Life Insurance.

Reasons to buy life insurance are different for everyone.  But the decision to purchase insurance is, at its core, all about providing financial security for you and the ones you care about.  Life insurance can deliver a specified sum of money when it is needed most.  Upon your death, your family will receive your policy payout immediately.  And that death benefit is generally not subject to federal income tax.  Not only does life insurance provide financial security, it helps to pay off debts, pay living expenses, and any medical or final expenses.

What are the different types of life insurance available?

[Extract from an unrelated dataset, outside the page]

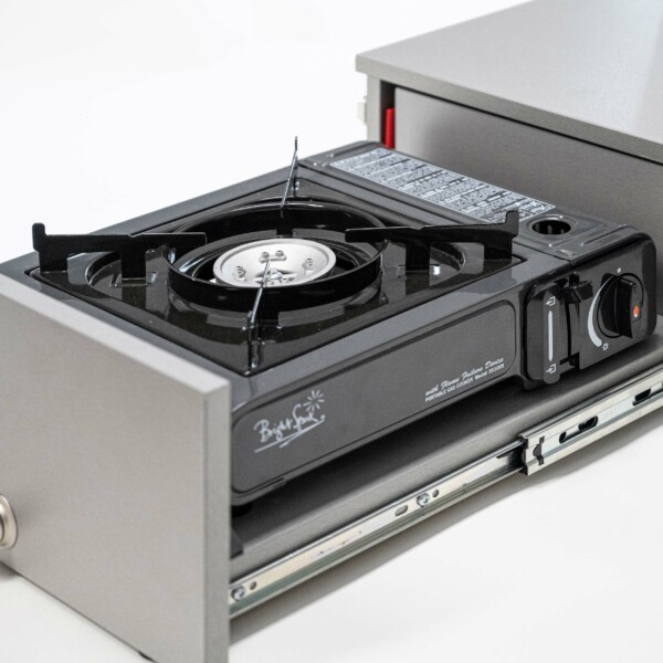 - Großzügige Ablagefläche neben dem Kocher zur Ablage von Kochgeschirr oder zur Zubereitung von Speisen oder kleinen Snacks (z.B. Schnelles Frühstück)

Whole (or universal) life insurance policies

Whole (or universal) life insurance policies are considered permanent. As long as you pay the premium, the policy is in effect. You can accumulate cash value over the life of the policy. You may be able to borrow money from these types of plans, if you need to.

Term life insurance

Term life insurance policies are in effect for a certain period of time, or term. If you have this type of policy and pass away during the term that the policy is in effect, the insurance company may pay a benefit. If you live past the time that the policy is in effect, the insurance company won’t pay a benefit or give you a refund.

Term life insurance policies are usually less expensive than whole life insurance policies. This is because term life insurance policies only cover a set amount of time, while whole life insurance policies are intended to be permanent.

Considerations for a life insurance policy

Most people buy life insurance to help provide financial security for their families upon the death of the insured person. If this is your reason, the first step in calculating how much insurance to buy is to identify your dependents’ likely financial needs. If you are married, in a civil union, or have a significant other, you will want enough coverage to minimize your spouse’s or partner’s financial need after you are gone. If you have dependent children, you may want to help pay for their college tuition and other expenses. If your annual living expenses such as a mortgage on your home, personal or car loans, or property taxes are fairly high, you will need more insurance than someone whose home mortgage is fully paid for.

You may also want enough coverage to ensure that your dependents do not have to pay for your final expenses, such as hospital bills and burial costs.